De verzoeker heeft tegen dit besluit beroep ingesteld en verzocht om een voorlopige voorziening om te voorkomen dat hij aan Italië zou worden overgedragen totdat op zijn beroep was beslist. De staatssecretaris heeft aangegeven zich niet te verzetten tegen de toewijzing van de voorlopige voorziening, wat betekent dat de behandeling van het beroep kan worden aangehouden.
Tijdens de zitting op 26 mei 2020 is de verzoeker niet verschenen, maar de staatssecretaris was vertegenwoordigd door zijn gemachtigde. De voorzieningenrechter heeft overwogen dat het verzoek om voorlopige voorziening niet kan worden toegewezen, omdat de overdracht aan Italië momenteel niet mogelijk is door de Corona-maatregelen. Bovendien is het niet in overeenstemming met de wet om een verzoek toe te wijzen dat niet voortkomt uit een belang van de verzoeker zelf.
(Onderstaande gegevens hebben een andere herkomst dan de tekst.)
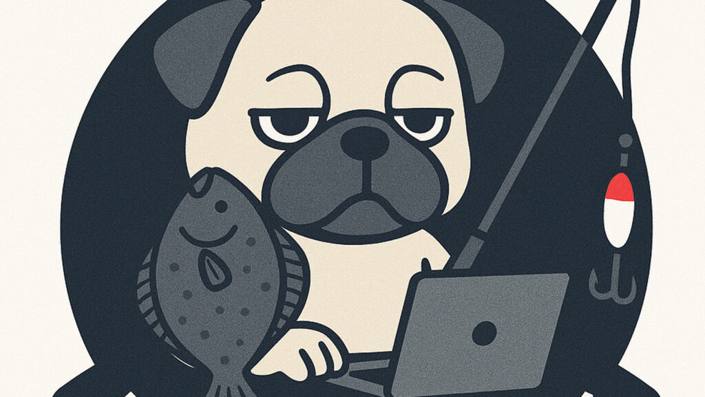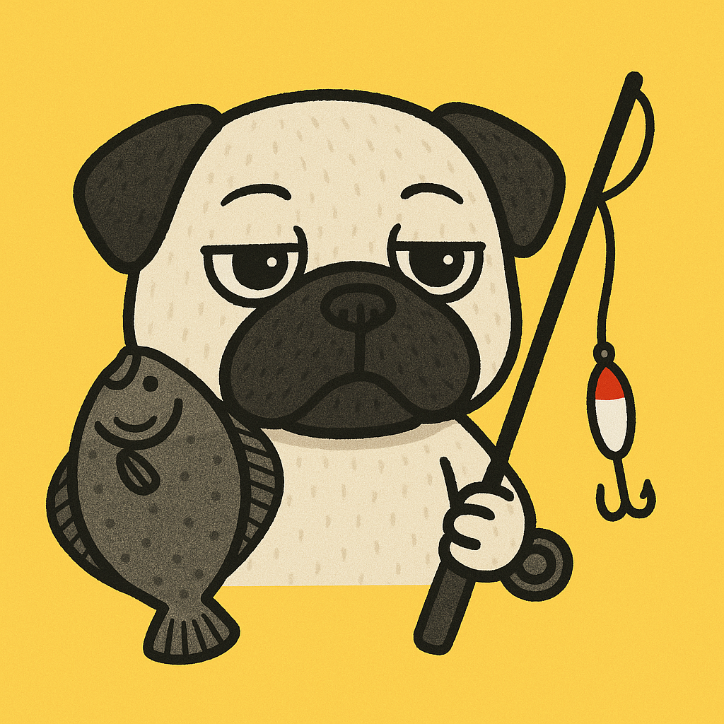 パグに釣竿とルアー、そしてヒラメを添えるという発想が生まれました。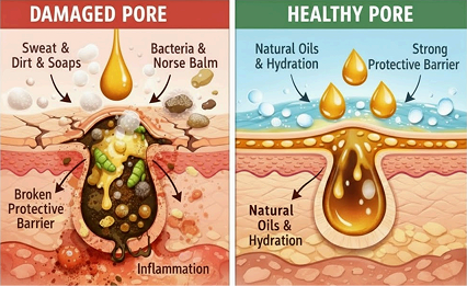 Most commercial-grade synthetics are loaded with cheap thickeners, silicones, and waxes (like Paraffin or Dimethicone) to make them feel "creamy." For an athlete, these are "Liquid Plastics." When your child starts to sweat, these fillers trap the heat and toxins inside the pore, causing congested skin and those stubborn "under-the-skin" bumps that never seem to go away. Norse is 100% "Non-Comedogenic." Our wild resins and oils have a molecular structure that stays "open" and breathable. It allows the skin to perform its natural cooling process (sweating) without trapping the very bacteria we’re trying to kill.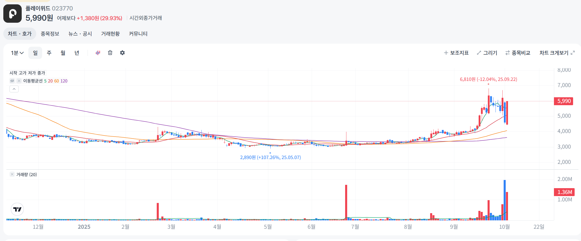 플레이위드 주가는 2025년 7월부터 9월까지 하락세를 보였으나, 10월 게임 론칭 호재로 상한가 폭등했습니다. 7월 4,000원대에서 시작해 8월 3,500원대로 하락, 9월 +52.24% 월간 상승 후 4,610원 종가. 10월 2일 상한가(5,990원)로 전체 3개월 +20% 상승, 거래량 폭증(111만 주)으로 모멘텀 강세지만, 소형 게임주 특성상 불안정.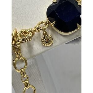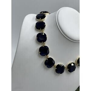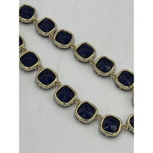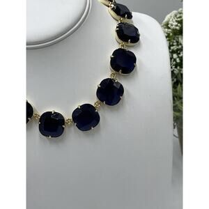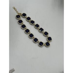 J. Crew Glass Cobalt Crystal and Cream Enamel Sides Square Gold Tone Necklace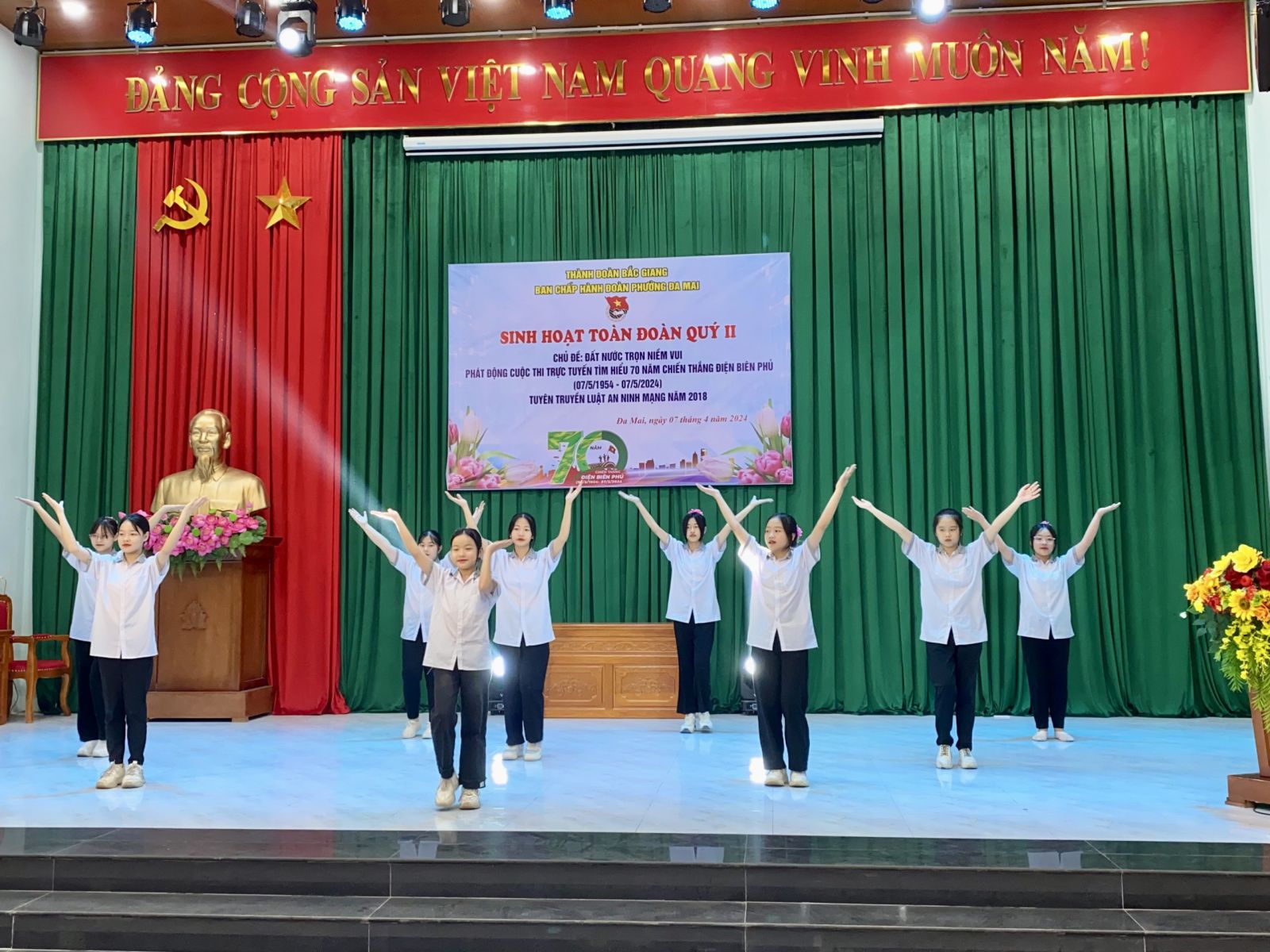 Đây là đợt sinh hoạt chính trị sâu rộng giúp đoàn viên thanh niên nhận thức sâu sắc về chiến thắng hào hùng Điện Biên Phủ của dân tộc; Thân thế, cuộc đời, sự nghiệp cách mạng vẻ vang của Chủ tịch Hồ Chí Minh và những cống hiến vĩ đại của Người đối với sự nghiệp cách mạng của toàn dân tộc; Tạo cơ hội cho đoàn viên thanh niên thể hiện lòng tôn kính và lòng biết ơn đối với Bác Hồ; Tiếp tục đẩy mạnh, nâng cao hiệu quả việc học tập và làm theo lời Bác. Buổi sinh hoạt với sự tham gia của 10 chi đoàn (hơn 80 đoàn viên thanh niên) với nhiều nội dung phong phú, đa dạng thu hút sự tham gia của đông đảo đoàn viên thanh niên trong toàn phường.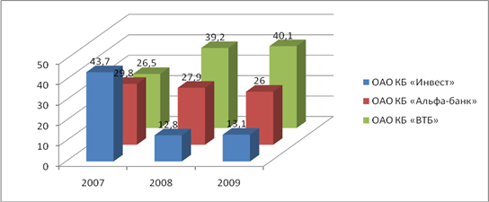 Таким образом, из представленных данных видно, что основным кредитором компании ООО «Челябоблстрой» выступает ОАО Коммерческий банк «ВТБ», который кредитует организация, как путем предоставления долгосрочных кредитов, так и путем краткосрочного кредитования. Занимает в общем объеме задолженности с 26% в 2007 году, до 40,1% в 2009 году, что свидетельствует о стабильной работе компании с данным банком.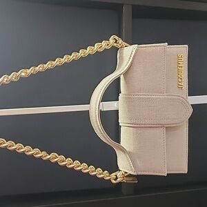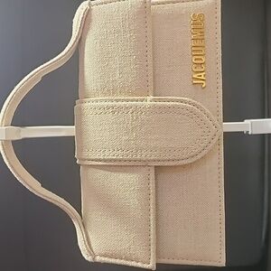 Elegant Jacquemus handbag in taupe. Features a sleek handle and gold logo accent.
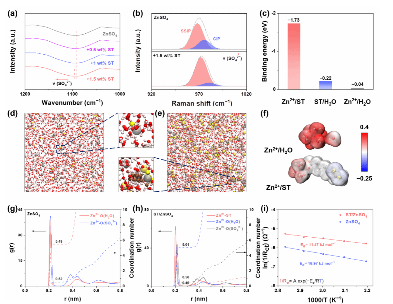 图2所示为ST分子在电解液中的作用机制。ST分子的引入优化了电解液的溶剂化结构,抑制了锌腐蚀和析氢副反应。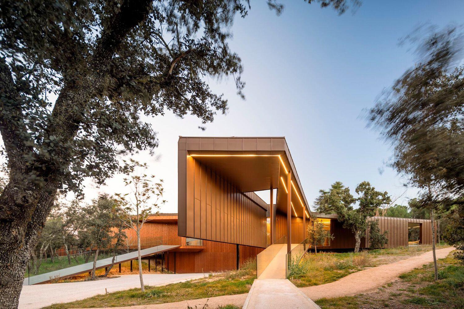 材料与景观的统一:项目在材料选择和景观设计上展现了极高的可持续性与美学追求。棕色VMZinc板和木板的立面设计,搭配绿色屋顶,与周围的自然环境无缝融合。景观设计保留了场地的自然地形和植被,用季节性开花的野草替代传统草坪,既减少了维护成本,又为环境增添了自然之美,体现了设计的生态智慧。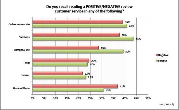 69%的人记得阅读正面的客户服务体验信息,而63%的人记得阅读负面的评论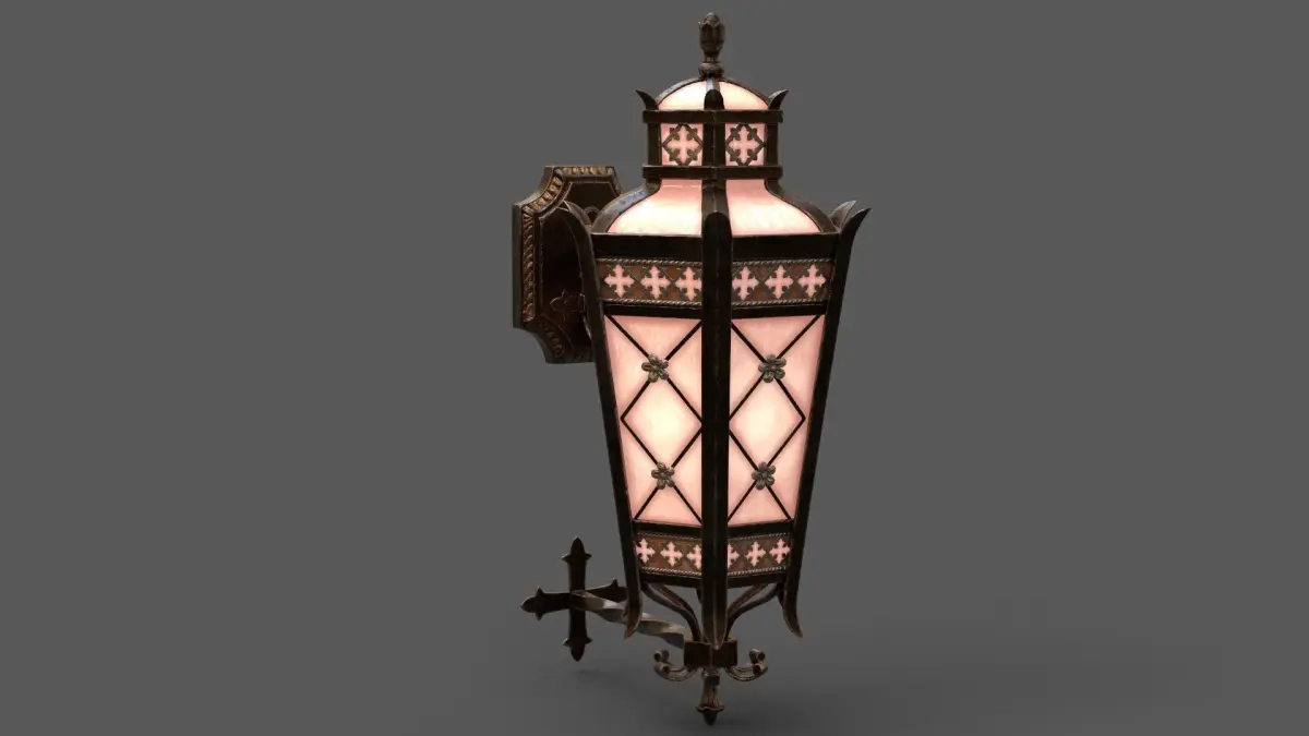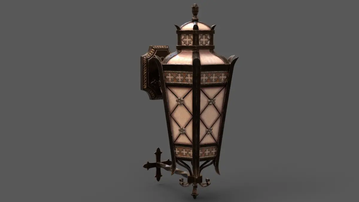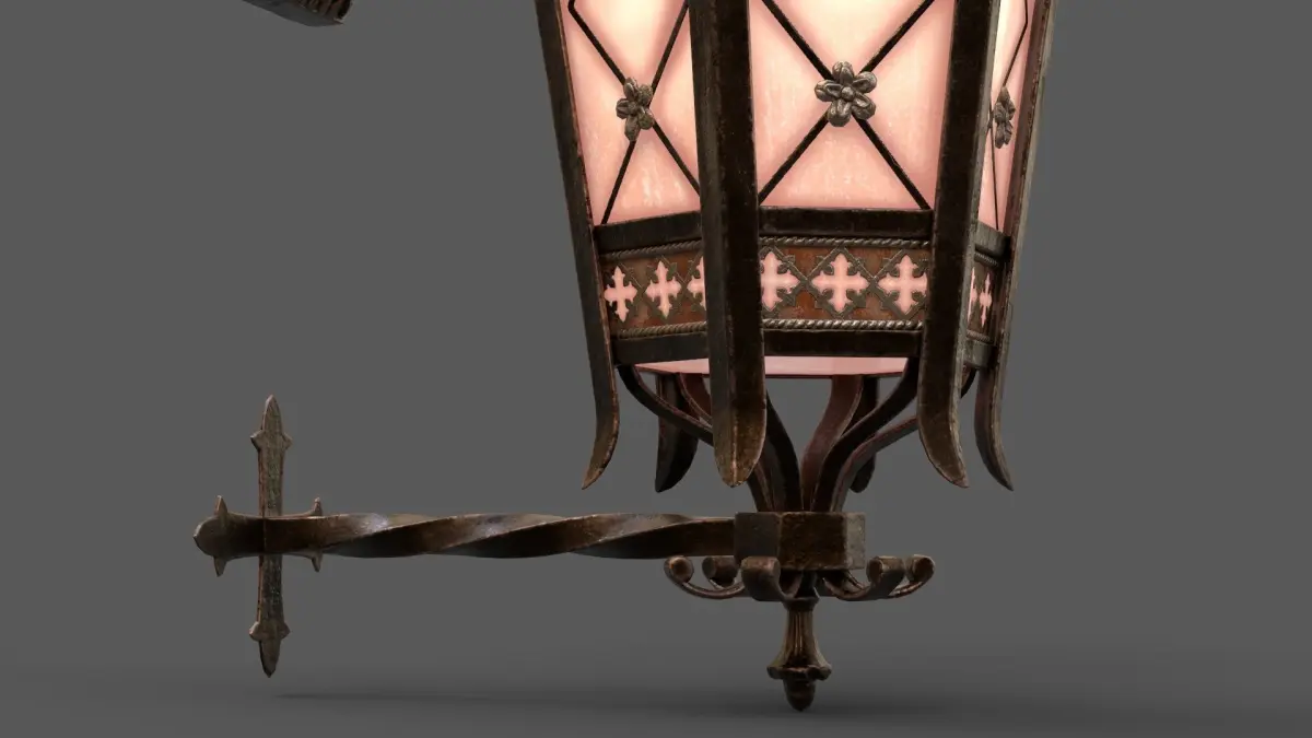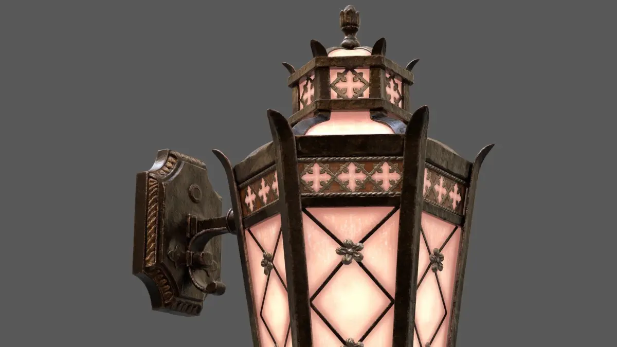Decorative wall-mounted lantern using PBR textures: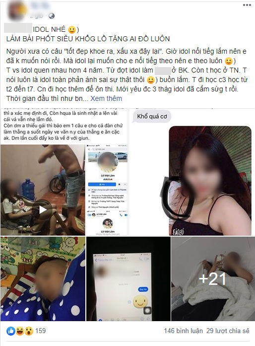 + Hôm qua là lần thứ 3 anh lại tiếp tục rủ nó đi sinh nhật xong đưa nó lên L.V. May cho anh là hôm qua lúc em lên không gặp nó ở đấy không thì anh xác định. Còn hôm qua là sinh nhật anh lên vài cái vả vẫn nhẹ lắm đó", thanh niên này bức xúc chia sẻ trên trang cá nhân tố người anh em xã hội đong đưa, tán tỉnh bạn gái của mình.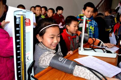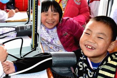 (通讯员 杨显有) 11月25日,湖北省郧县柳陂镇中心小学学生正在接受20余项健康检查,不花一分钱。11月以来,该县学生体质健康检测中心,对39410名中小学生进行健康体检,体检项目涉及到内科、眼科、口腔科、外科、形体指标、生理功能等具体内容包括20余项。每人15元共计59万余元的检测费用从学校公用经费列支,学生不花钱。
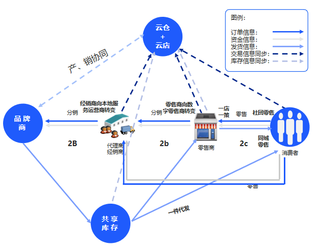 主要是围绕着品牌商、经销商、物流端和零售端之间的分工。原来经销商管库存的这一部分工作,把计划类、统筹类的转移到了品牌商。物流实操层面的事情全部转到了物流端。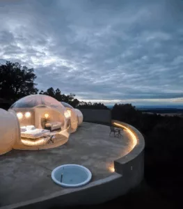 Como habrás podido ver más arriba, un hotel burbuja es una especie de tienda de campaña con forma de burbuja con vistas panorámicas, que te permiten disfrutar de los paisajes de la zona casi las 24 horas del día. Es una opción muy original de pasar un fin de semana o unas vacaciones de verano.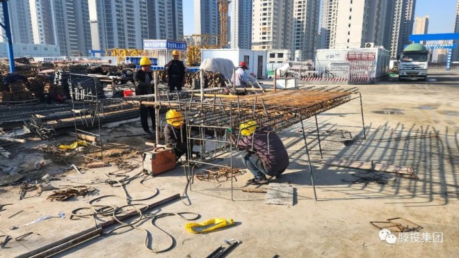 ?。ㄊ┕と藛T進行鋼筋下料與筏板基礎鋼筋布置)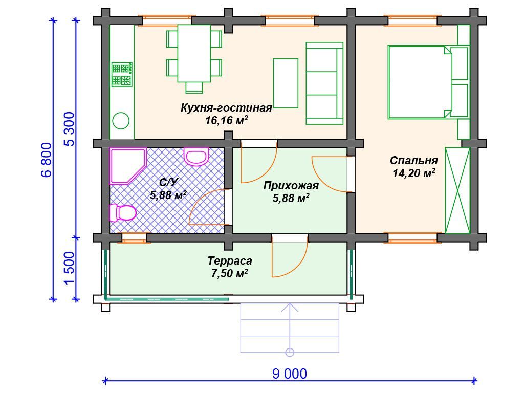 | Материал стен | оцилиндрованное бревно, профилированный брус, клееный брус |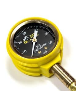 Mantener la presión de aire adecuada para el tipo de terreno en el que estás conduciendo es fundamental para el off-road. Cuanto menos presión de aire haya en tus llantas, más grande será la huella de contacto que tendrás, brindándote la mayor superficie posible para una tracción máxima en superficies blandas como nieve o arena. Una llanta con presión más baja también proporcionará considerablemente más tracción al subir sobre obstáculos porque la llanta puede conformarse a la superficie y agarrarse a lo que sea que estés intentando superar. Además, una presión más baja permite que el flanco de la llanta se flexione más para un paseo cómodo en el camino y un menor riesgo de daños en la llanta por piedras afiladas, raíces, etc. El Desinflador EZ de AEV te permite quitar rápidamente y de forma segura el núcleo de la válvula para una desinflado rápido de la llanta. Simplemente enrosca el Desinflador de llantas EZ en la válvula. Gira la perilla del desinflador en sentido antihorario para desenroscar el núcleo de la válvula. Luego desliza el collar hacia arriba para comenzar a liberar aire. Vuelve a deslizar el collar hacia abajo para detener el flujo de aire o para revisar tu presión de aire. Por último, enrosca de nuevo el núcleo de la válvula en la válvula y retira el Desinflador de llantas EZ. El Desinflador de AEV EZ ha sido diseñado y probado para garantizar precisión, sin ser afectado por la temperatura, humedad o altitud. Un protector de goma amarillo de alta visibilidad protege el dial fácil de leer que muestra la presión de aire de 0-60 PSI en incrementos de 1 PSI. Se incluye una práctica bolsa de almacenamiento para mantener seguro tu Desinflador EZ cuando no esté en uso.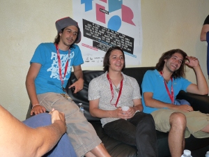Pantiero, deuxième jour. En ce dimanche soir, la folle jeunesse s’était rassemblée à Cannes pour assister au concert d’une scène composée sur mesure, avec du haut de gamme : Late of the Pier, Stuck in the Sound, Kap Bambino et les Naïve New Beaters. Baskets fluo et mèches étaient de rigueur pour cette scène. En coulisse, nous avons rencontré une belle bande de copains, drôles, simples et doués. A peine installés sur le canapé, le chanteur lance : « Bonjour, vous êtes venus pour quoi ? Bon déjà on va commencer par des questions, quelqu’un a des questions ? ». Entre joutes verbales, récits affabulés et humour décalé, les Naïve auraient presque réussi à se confier.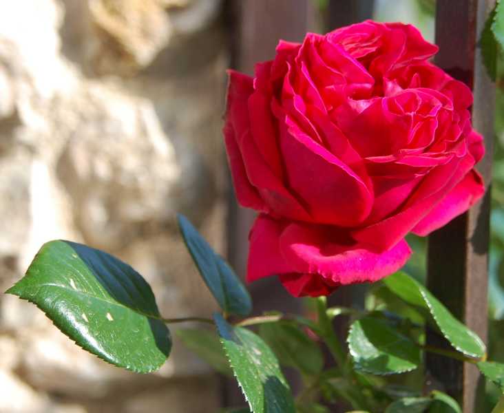 Die Blüten der Red Eden Rose erinnern an alte Rosen: sie sind purpurrot, duften nach Moschus - besonders in der Mittagszeit. Die Rose ist winterhart (bis 29 ° C) und blüht in Spanien ab April bis zum Einsetzen des Frostes (in Mitteleuropa). Bei mir im Hinterland hat sie im Winter nur kurzzeitig alle Blätter verloren.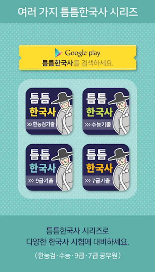지금까지 볼 수 없었던 정말 제대로된 한국사공부앱이니 일단 믿고 받아보세요!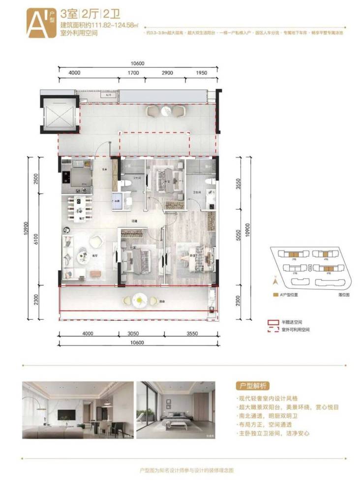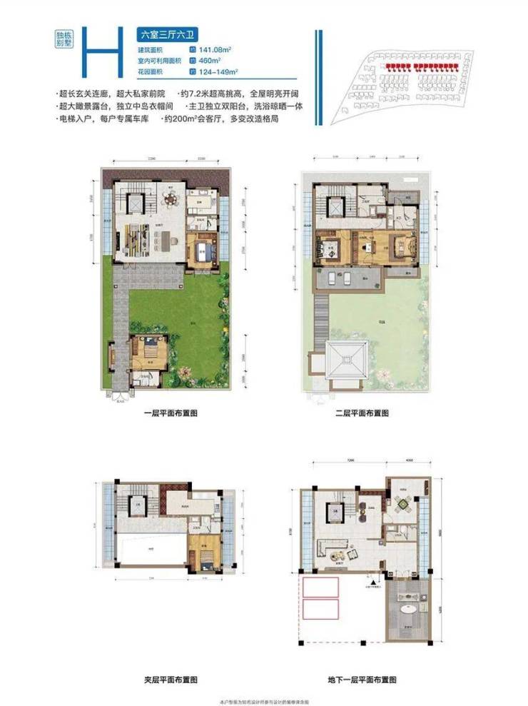 平墅:约109—169㎡ 一梯一户,康养平墅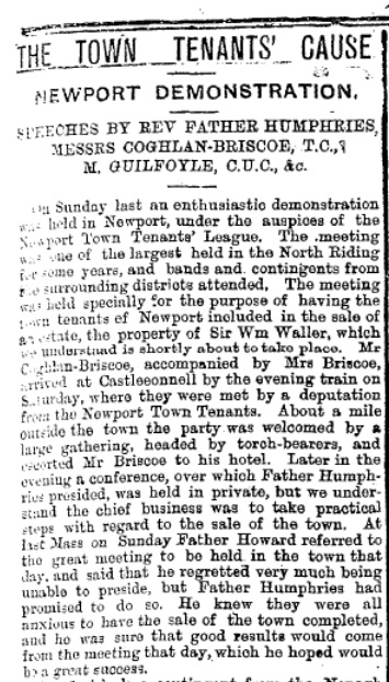 Curate at Newport, at least 1906 to 1915: He became a priest at Newport, Co.Tipperary. His name appears in [Newport RC par records] from 1906. Paddy Humphreys thought he was P.P. Newport, 2 Feb 1906 - 22 Dec 1922. But he was still only Curate at Newport in [Thoms, 1914]. And he is gone from Newport (and indeed dead) before 1922. Not clear he was ever P.P. of Newport. Listed as Curate (not parish priest) at Newport in [Thoms] at least 1910 to 1914. He is listed in 1911 census as priest (curate), living 14 Jail Street, Newport, spelt "Humphrys". He became president of the Newport Town Tenants' League, campaigning for the right of the local tenants to buy out their holdings from the landlord. He chaired a large tenants' rights meeting at Newport, Sun 23 Feb 1913. See report in Nenagh Guardian, Saturday, March 1, 1913. Still Curate at Newport in [Thoms, 1914]. He married his nephew James Ryan in 1915. He is still described as "C.C." (Curate). |
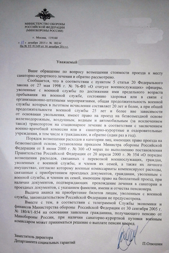 #1621Да это скорее всего "законотворчество" ВК и вышестоящих финансовых органов МО. В связи с урезанием бюджета страны наверное не стоит сейчас испытывать судьбу и ездить в курортные учреждения на территории СНГ, что бы потом не бегать по судам и выбивать свои деньги за проезд ( моё мнение)

Uiteindelijk heeft de voorzieningenrechter het verzoek om voorlopige voorziening afgewezen, omdat het beroep in een andere zaak ongegrond is verklaard. Er is geen aanleiding voor een proceskostenveroordeling. De uitspraak is gedaan door mr. L.M. Kos, in aanwezigheid van drs. M.A.J. Arts, griffier. Tegen deze uitspraak staat geen rechtsmiddel open.